- What to work on
Using the records below, transcribe word for word the stretch from the line that contains "Layout 3 phòng" through the line that contains "Never worn. Has", both end lines included, and nothing else.

- Material provided

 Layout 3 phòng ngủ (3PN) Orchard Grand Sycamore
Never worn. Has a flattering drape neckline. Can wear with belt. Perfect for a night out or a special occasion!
...
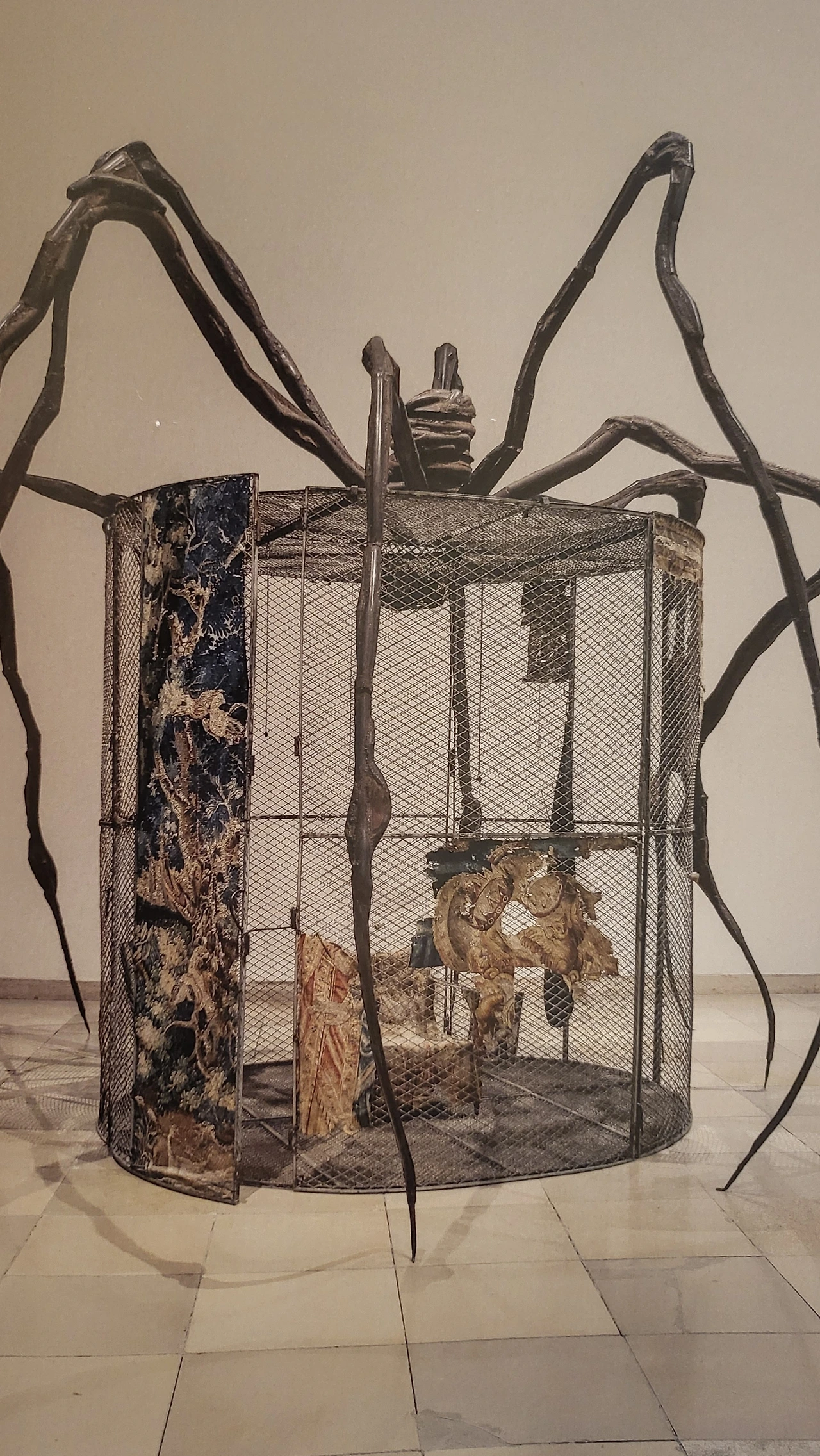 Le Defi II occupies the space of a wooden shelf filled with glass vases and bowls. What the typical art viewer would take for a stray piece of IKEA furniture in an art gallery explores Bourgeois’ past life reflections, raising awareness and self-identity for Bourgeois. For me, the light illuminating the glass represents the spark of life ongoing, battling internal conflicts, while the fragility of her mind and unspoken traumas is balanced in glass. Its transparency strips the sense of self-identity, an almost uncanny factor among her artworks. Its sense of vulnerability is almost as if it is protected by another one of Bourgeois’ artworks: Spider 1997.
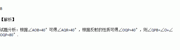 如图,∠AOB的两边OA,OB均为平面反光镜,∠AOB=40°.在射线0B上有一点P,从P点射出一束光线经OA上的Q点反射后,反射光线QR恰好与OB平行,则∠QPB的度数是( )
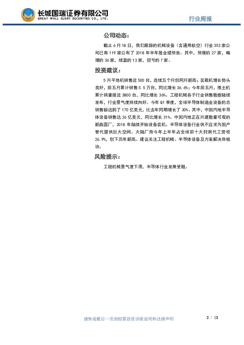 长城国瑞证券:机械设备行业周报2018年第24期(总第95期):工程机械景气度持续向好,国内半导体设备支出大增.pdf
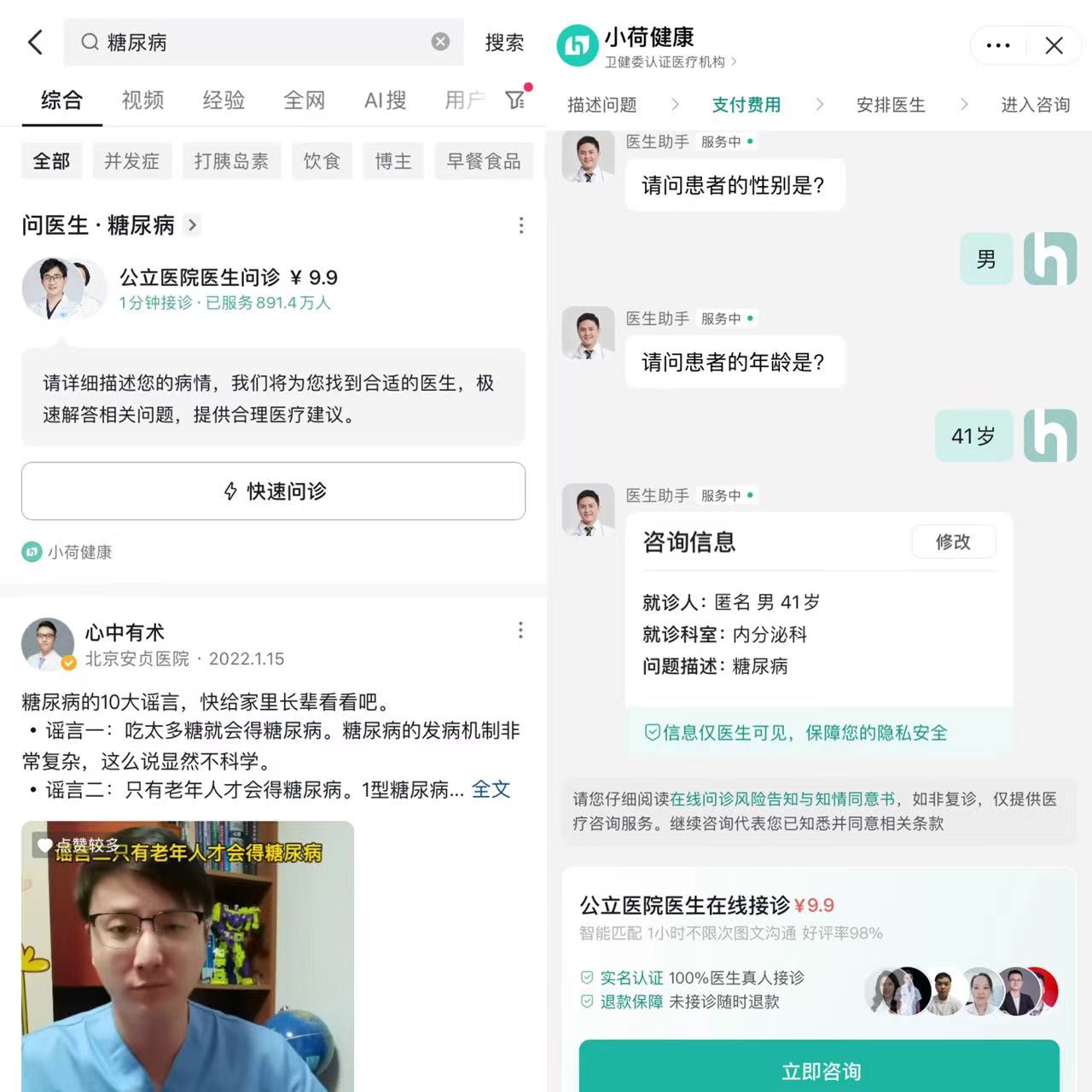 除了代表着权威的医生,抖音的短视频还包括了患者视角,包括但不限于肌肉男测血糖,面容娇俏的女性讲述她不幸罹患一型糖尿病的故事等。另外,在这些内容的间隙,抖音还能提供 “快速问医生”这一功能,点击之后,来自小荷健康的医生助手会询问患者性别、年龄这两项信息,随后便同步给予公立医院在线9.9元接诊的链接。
...
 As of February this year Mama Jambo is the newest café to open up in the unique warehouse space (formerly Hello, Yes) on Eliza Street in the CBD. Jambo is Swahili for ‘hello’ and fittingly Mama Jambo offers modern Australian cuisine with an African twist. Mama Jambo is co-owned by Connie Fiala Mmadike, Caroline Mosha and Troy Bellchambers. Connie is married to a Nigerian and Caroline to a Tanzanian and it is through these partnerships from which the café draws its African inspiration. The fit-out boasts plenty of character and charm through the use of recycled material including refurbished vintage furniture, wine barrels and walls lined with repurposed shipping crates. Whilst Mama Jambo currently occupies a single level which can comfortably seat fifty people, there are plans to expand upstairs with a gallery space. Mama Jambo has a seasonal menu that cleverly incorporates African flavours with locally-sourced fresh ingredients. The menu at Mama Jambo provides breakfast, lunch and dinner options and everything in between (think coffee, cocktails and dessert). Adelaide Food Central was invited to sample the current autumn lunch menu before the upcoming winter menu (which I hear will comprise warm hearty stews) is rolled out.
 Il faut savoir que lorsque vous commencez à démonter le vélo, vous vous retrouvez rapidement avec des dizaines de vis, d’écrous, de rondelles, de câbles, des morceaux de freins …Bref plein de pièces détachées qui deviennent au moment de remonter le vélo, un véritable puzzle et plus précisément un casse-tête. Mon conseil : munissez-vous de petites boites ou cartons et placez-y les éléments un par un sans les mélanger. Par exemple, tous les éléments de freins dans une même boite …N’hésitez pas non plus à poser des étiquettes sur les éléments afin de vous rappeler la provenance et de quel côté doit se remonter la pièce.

- Reply
 Layout 3 phòng ngủ (3PN) Orchard Grand Sycamore
Never worn. Has a flattering drape neckline. Can wear with belt. Perfect for a night out or a special occasion!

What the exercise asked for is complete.